No dia em que fomos apresentados, lembrei isso a ele, que sorriu, sem dar a mínima para o que eu tinha dito. Mostrou-se interessado em outras coisas. Falou da Bahia, da questão racial brasileira, da importância da obra de Pierre Verger, que então começava a ser divulgada no Brasil etc.

Em 1981, quando "Carnaval Ijexá", meu primeiro livro, foi publicado, enviei um exemplar a Jorge. Ele agradeceu e disse que me veria no lançamento. Não entendi: o que iria fazer lá, se já tinha o livro? Distrair-se? Não, não só. Era mais. Fazer política cultural, digamos.

Ele foi ao evento, a mídia o cercou e ele deu o recado (ou uma força), chamando a atenção para o livro, o jovem autor etc. Depois, já afastado dos repórteres, fez uma observação e me deu um conselho.

A observação anunciava dificuldades à vista (ossos do ofício no "âmbito selvaggio" da "cultura"?): "Eles não vão incensá-lo sem mais nem menos. Você terá de se impor, de descer goela abaixo deles, por talento e seriedade". O conselho: "Você não parou para escrever uma obra-prima, e sim um livro. Continue assim. Nunca sente para escrever obras-primas, sente para escrever livros. Isso de obra-prima não deve ser problema seu, mas dos outros. Quem lê é que tem de achar. Faça só o seu trabalho".

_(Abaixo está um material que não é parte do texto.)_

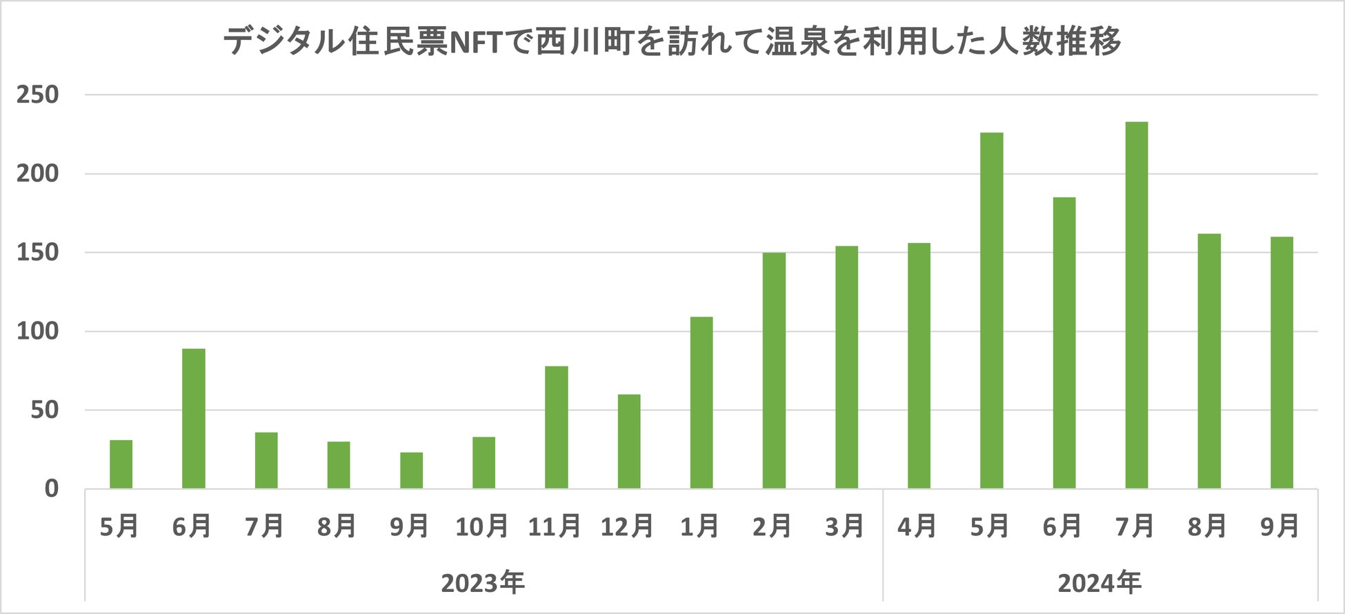山形県西川町は、日本最大級のNFTマーケット「HEXA(ヘキサ)」において、西川町の地方創生事業を協働する東武トップツアーズ株式会社と連携して発行したデジタル住民票NFTによってリアルに約1,915人(2024年9月末時点)を町に呼び込むことが出来ました。デジタル住民票NFTを持って町外から町に訪れて温泉を利用した人数は、下記グラフの通り着実に増加を続けており、町への誘客に成功し、地方創生2.0を実現に導いています。
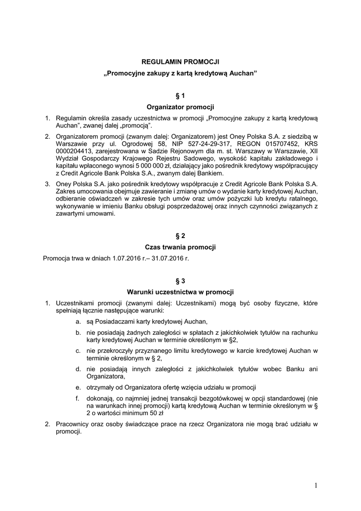 REGULAMIN PROMOCJI „Promocyjne zakupy z kartą kredytową Auchan” §1 Organizator promocji 1. Regulamin określa zasady uczestnictwa w promocji „Promocyjne zakupy z kartą kredytową Auchan”, zwanej dalej „promocją”. 2. Organizatorem promocji (zwanym dalej: Organizatorem) jest Oney Polska S.A. z siedzibą w Warszawie przy ul. Ogrodowej 58, NIP 527-24-29-317, REGON 015707452, KRS 0000204413, zarejestrowana w Sadzie Rejonowym dla m. st. Warszawy w Warszawie, XII Wydział Gospodarczy Krajowego Rejestru Sadowego, wysokość kapitału zakładowego i kapitału wpłaconego wynosi 5 000 000 zł, działający jako pośrednik kredytowy współpracujący z Credit Agricole Bank Polska S.A., zwanym dalej Bankiem. 3. Oney Polska S.A. jako pośrednik kredytowy współpracuje z Credit Agricole Bank Polska S.A. Zakres umocowania obejmuje zawieranie i zmianę umów o wydanie karty kredytowej Auchan, odbieranie oświadczeń w zakresie tych umów oraz umów pożyczki lub kredytu ratalnego, wykonywanie w imieniu Banku obsługi posprzedażowej oraz innych czynności związanych z zawartymi umowami. §2 Czas trwania promocji Promocja trwa w dniach 1.07.2016 r.– 31.07.2016 r. §3 Warunki uczestnictwa w promocji 1. Uczestnikami promocji (zwanymi dalej: Uczestnikami) mogą być osoby fizyczne, które spełniają łącznie następujące warunki: a. są Posiadaczami karty kredytowej Auchan, b. nie posiadają żadnych zaległości w spłatach z jakichkolwiek tytułów na rachunku karty kredytowej Auchan w terminie określonym w §2, c. nie przekroczyły przyznanego limitu kredytowego w karcie kredytowej Auchan w terminie określonym w § 2, d. nie posiadają innych zaległości z jakichkolwiek tytułów wobec Banku ani Organizatora, e. otrzymały od Organizatora ofertę wzięcia udziału w promocji f. dokonają, co najmniej jednej transakcji bezgotówkowej w opcji standardowej (nie na warunkach innej promocji) kartą kredytową Auchan w terminie określonym w § 2 o wartości minimum 50 zł 2. Pracownicy oraz osoby świadczące prace na rzecz Organizatora nie mogą brać udziału w promocji. 1 §4 Zasady promocji 1. Warunkiem koniecznym udziału w promocji jest dokonanie przez Uczestnika promocji w terminie określonym w § 2 co najmniej jednej transakcji bezgotówkowej o wartości minimum 50 zł w opcji standardowej (nie na warunkach innej promocji Organizatora) kartą kredytową Auchan. 2. Każdy Uczestnik, który spełni warunki określone w niniejszym Regulaminie otrzyma od Organizatora zwrot 10% sumy transakcji bezgotówkowych dokonanych kartą kredytową Auchan w terminie określonym w § 2, ale nie więcej niż 30 zł. 3. Kwota, o której mowa powyżej, zostanie wyksięgowana z rachunku karty kredytowej Auchan jako pomniejszenie kwoty zadłużenia wynikającego z sumy transakcji bezgotówkowych dokonanych kartą kredytową Auchan w czasie trwania promocji. 4. O wyksięgowaniu 10% kwoty kapitału transakcji, o których mowa w punkcie 2 niniejszego paragrafu z rachunku limitu karty kredytowej Auchan Uczestnik zostanie poinformowany najpóźniej na wyciągu z karty kredytowej Auchan generowanym dnia 24.08.2016 r. 5. Promocja nie łączy sie z innymi promocjami Organizatora. 6. Promocja dotyczy jedynie transakcji o wartości minimum 50 zł. §5 Tryb składania i rozpatrywania reklamacji 1. Każdemu Uczestnikowi przysługuje prawo do wniesienia reklamacji w zakresie niezgodności przeprowadzenia promocji z niniejszym Regulaminem. 2. Reklamacja powinna zostać złożona w jeden z następujących sposobów 2.1 ustnie: a. osobiście w dowolnej placówce Banku lub dowolnym Punkcie Doradztwa Finansowego lub b. złożona za pośrednictwem Serwisu Telefonicznego Oney 2.2 w formie pisemnej: a. wysłana pocztą na adres Banku do doręczeń i korespondencji, to jest: Oney Polska S.A., ul. Ogrodowa 58, 00-876 Warszawa, z dopiskiem „Promocyjne zakupy z kartą kredytową Auchan” lub b. złożona osobiście w dowolnej placówce Banku lub dowolnym Punkcie Doradztwa Finansowego 2.3 w formie elektronicznej: a. złożona poprzez formularz kontaktowy znajdujący się na stronie internetowej www.oney.com.pl 3 Złożona reklamacja, wraz z opisem przyczyn reklamacji, powinna być opatrzona czytelnym podpisem Uczestnika (w przypadku formy pisemnej) i zawierać dane umożliwiające jednoznaczną identyfikację Uczestnika. W treści reklamacji należy podać imię i nazwisko oraz adres do korespondencji. 4 Do reklamacji wymagających złożenia dokumentów, (lub jeśli taki wymóg wynika z powszechnie obowiązujących przepisów prawa) należy dołączyć kopie ewentualnych dokumentów potwierdzających zasadność złożonej reklamacji. 2 5 Reklamacje będą rozpatrywane niezwłocznie, nie później niż w terminie do 30 dni kalendarzowych (liczonych od daty otrzymania reklamacji) przy uwzględnieniu zasad określonych w niniejszym Regulaminie oraz obowiązujących przepisów prawa. Organizator udziela odpowiedzi w formie pisemnej - listownie na wskazany w reklamacji adres korespondencyjny lub w formie telefonicznej – na wskazany w reklamacji numer telefonu kontaktowego (w tym wysłanie wiadomości SMS w przypadku pozytywnego rozpatrzenia reklamacji). 6 W przypadku uzasadnionej niemożności udzielenia odpowiedzi w terminie wskazanym w ust. 5 Organizator: a. wyjaśnia przyczyny opóźnienia, b. wskazuje okoliczności, które muszą zostać ustalone, c. wskazuje przewidywany termin udzielenia odpowiedzi, który nie może przekroczyć 60 dni od dnia otrzymania reklamacji. §6 Postanowienia końcowe 1. Dane osobowe Uczestników będą przetwarzane zgodnie z Umową o kartę kredytową Auchan. 2. Udział Uczestnika w promocji oznacza jego akceptację zasad promocji zawartych w niniejszym Regulaminie. Regulamin promocji jest dostępny na stronie www.oney.com.pl 3. W sprawach nieuregulowanych w niniejszym Regulaminie mają zastosowanie przepisy powszechnie obowiązującego prawa. 3

Escutei a observação, é claro, mesmo não a levando tanto em conta. Mas o que de fato segui (e continuo seguindo) foi o conselho.

Tenho de fazer meu trabalho, sentar e escrever os textos, e só -e não ficar por aí encafifado, cheio de travas e trevas, sem produzir, sem socializar informações, acumulando forças para um empreendimento magnífico. Ou, ainda, à espera de um estalo célebre como aquele com que Nossa Senhora das Maravilhas premiou padre Vieira, fazendo-o de súbito senhor de um xadrez de estrelas.